Configure Github action workflow
Your Github workflow requires additional permissions in order to be able to use OIDC. Add the following at the top of your workflow's YML file. You can also add it at the job level to reduce the scope if needed.
permissions:
id-token: write # required to use OIDC authentication
contents: read # required to checkout the code from the repo
You can now use the configure-aws-credentials Github action in the job that needs to assume the role. Add this step to generate credentials before doing any call to AWS:
- name: configure aws credentials
uses: aws-actions/configure-aws-credentials@v1
with:
role-to-assume: arn:aws:iam::1234567890:role/your-role-arn
role-duration-seconds: 900 # the ttl of the session, in seconds.
aws-region: us-east-1 # use your region here.
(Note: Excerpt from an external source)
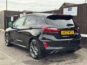 RESERVEDHere we have a factory original & very low mileage 2023 (23) Ford Fiesta 1.5T EcoBoost ST-3 in stock. ULEZ compliant & comes with road tax that costs just £195 per year while averaging 42.2 MPG. Recently serviced at Buckingham Ford in May 2025, it will also be supplied with a FREE 6 month warranty & breakdown cover.DETAILS- Finished in Agate Black with Black Half Leather/Suede Upholstery & recently refurbished Grey 18'' Alloy Wheels. Owned by a friend of ours who's just bought a BMW M2, he's asked us to sell the car on his behalf. It comes with 2 remote keys & drives superbly with its 6 speed manual gearbox & incredibly fun 197 BHP petrol engine.SPEC- This ST3 model comes with a Touch Screen Interface, Sat Nav, Apple Car Play/Android Auto, Heated Steering Wheel, Heated Front Seats, DAB Radio, Rear Parking Camera, Bluetooth with Voice Control, Rear Parking Sensors, Auto Air Con, Cruise Control, Auto Head Lights, Ford Performance Seat Logos, Quick Clear Front & Rear Screen, Rear Tinted Windows, Lane Assist & ISOFIX.HISTORY- Last serviced at 2,220 miles in May 2025 by Buckingham Ford which is our local Ford main dealer. It included a new oil filter, oil, carbon filter & spark plugs which cost 416.12. The car has 4 matching Michelin tyres, all at 6mm of tread.MILES- This car has covered 4,618 miles from new. It was first registered on 29th April 2023.CONDITION- The car is in near like new condition & was recently ceramic coated as well. It even still has the new car smell! A detailed walk around video can be found on our Youtube channel.ABOUT US- TMR Prestige Services Ltd are a father & son family run business based in Stoke Mandeville, Aylesbury. 2025 is our 11th year of trading in low mileage, high specification cars. We operate by appointment only & are open 7 days a week. We pride ourselves on giving a five star service. Please take a moment to view our reviews on Auto Trader and Google we are very proud of them. Part Exchange, Extended Warranties & Nationwide Delivery Available (fees apply).-RESERVED-FINANCE & DELIVERY AVAILABLE, PART EXCHANGE WELCOME, FAMILY RUN BUSINESS

# You can now execute commands that use the credentials👇
- name: Serverless deploy
run: sls deploy --stage dev
The configure AWS credentials
step will use the OIDC integration to assume the given role, generate short-lived credentials, and make them available to the current job.
💡 If you want to take security even further, you can also keep your role's ARN used in
role-to-assume
in a Github secret.
Automate
The guys at configure-aws-credentials
shared a CloudFormation template that you can use to automate the AWS configuration steps.
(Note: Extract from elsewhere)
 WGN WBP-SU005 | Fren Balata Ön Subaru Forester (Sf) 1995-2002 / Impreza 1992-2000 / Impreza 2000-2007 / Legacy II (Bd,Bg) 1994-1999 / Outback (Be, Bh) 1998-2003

I took it one step further; I hosted that template and created a deployment link for you.
Click here to deploy it into your account.
Fill in the parameters:
-
GitHubOrg
: your organization name, or your Github username -
RepositoryName
: the repository that needs access to your AWS account -
OIDCProviderArn
: your existing OIDC provider's ARN, if you have one already. If you don't, leave it empty and one will be created for you. (Remember that you only need one per account).
✍️ Note: The created role will not have any Policy attached to it. You will still need to attach the ones that your workflow needs to it after that.
Conclusion
As you can see, securing your account doesn't have to be hard. The part that might require a little more effort is to define the right Policies if you want to follow the principle of least privileges (which you should!).